Each Space Shuttle is a reusable launch system that is composed of three main assemblies: the reusable Orbiter Vehicle (OV), the expendable external tank (ET), and the two reusable solid rocket boosters (SRBs).[16] Only the orbiter enters orbit shortly after the tank and boosters are jettisoned. The vehicle is launched vertically like a conventional rocket, and the orbiter glides to a horizontal landing like an airplane, after which it is refurbished for reuse. The SRBs parachute to splashdown in the ocean where they are towed back to shore and refurbished for later shuttle missions.

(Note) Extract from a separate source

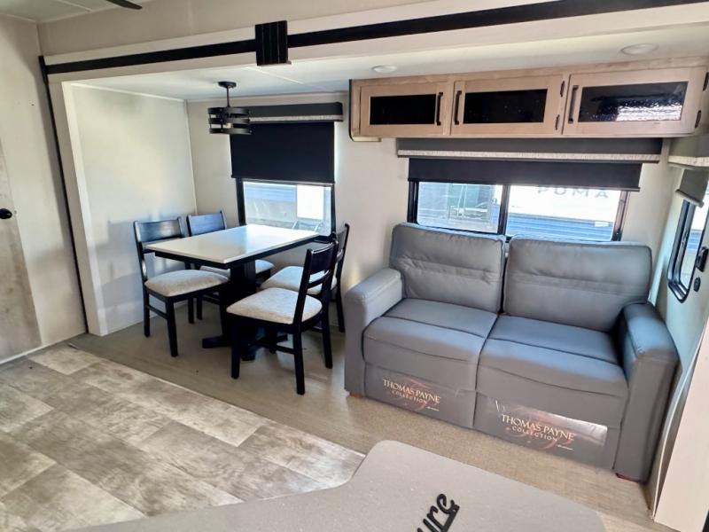 Each Puma Destination trailer by Palomino is designed to give you unforgettable getaways to the destination of your choice! The AlphaPly roofing membrane and powder coated frames are what make these models ultra durable, and the super lube axles will provide smooth towing from home to campground. The Value Shopper Package includes Beauflor linoleum, an AM/FM/Bluetooth stereo, a high-rise faucet with a sprayer, bedroom TV hook-up, and many many more conveniences. You'll find the designer window treatments in the living room and decorative kitchen backsplash will make your space feel more like home, plus there are USB charging ports for your electronics and plenty of storage space for all your belongings. And you can add the optional Marquis Edition Package that includes an outside shower, a solid surface countertop, two exterior speakers, and more features that will add to your comfort!

Six airworthy orbiters were built; the first, Enterprise (OV-101), was not built for orbital space flight, and was used only for testing gliding and landing, followed by Columbia (OV-102), Challenger (OV-099), Discovery (OV-103), Atlantis (OV-104), and Endeavour (OV-105). Enterprise was originally intended to be made fully space-worthy after use for the approach and landing test (ALT) program, but it was found more economical to upgrade the structural test article STA-099 into orbiter Challenger (OV-099). Challenger disintegrated 73 seconds after launch in 1986, and Endeavour was built as a replacement for Challenger from structural spare components. Columbia broke apart during re-entry in 2003. Building Space Shuttle Endeavour cost about US$1.7 billion. One Space Shuttle launch costs around $450 million.[17]

Roger A. Pielke, Jr. has estimated that the Space Shuttle program has cost about US$170 billion (2008 dollars) through early 2008. This works out to an average cost per flight of about US$1.5 billion.[18] However, two missions were paid for by Germany, Spacelab D1 and D2 (D for Deutschland) with a payload control center in Oberpfaffenhofen, Germany.[19][20] D1 was the first time that control of a manned STS mission payload was not in U.S. hands.[4]

At times, the orbiter itself is referred to as the Space Shuttle. Technically, this is a slight misnomer, as the actual "Space Transportation System" (Space Shuttle) is the combination of the orbiter, the external tank, and the two solid rocket boosters. Combined, these are referred to as the stack; the components are assembled in the Vehicle Assembly Building, originally built to assemble the Apollo-Saturn V rocket stacks.

Responsibility for the shuttle components is spread among multiple NASA field centers. The Kennedy Space Center is responsible for launch, landing and turnaround operations for equatorial orbits (the only orbit profile actually used in the program), the US Air Force at the Vandenberg Air Force Base was responsible for launch, landing and turnaround operations for polar orbits (though this was never used), the Johnson Space Center serves as the central point for all shuttle operations, the Marshall Space Flight Center is responsible for the main engines, external tank, and solid rocket boosters, the John C. Stennis Space Center handled main engine testing, and the Goddard Space Flight Center manages the global tracking network. [22]

Orbiter vehicle

Atlantis deploys the landing gear before landing on a selected runway just like a common aircraft.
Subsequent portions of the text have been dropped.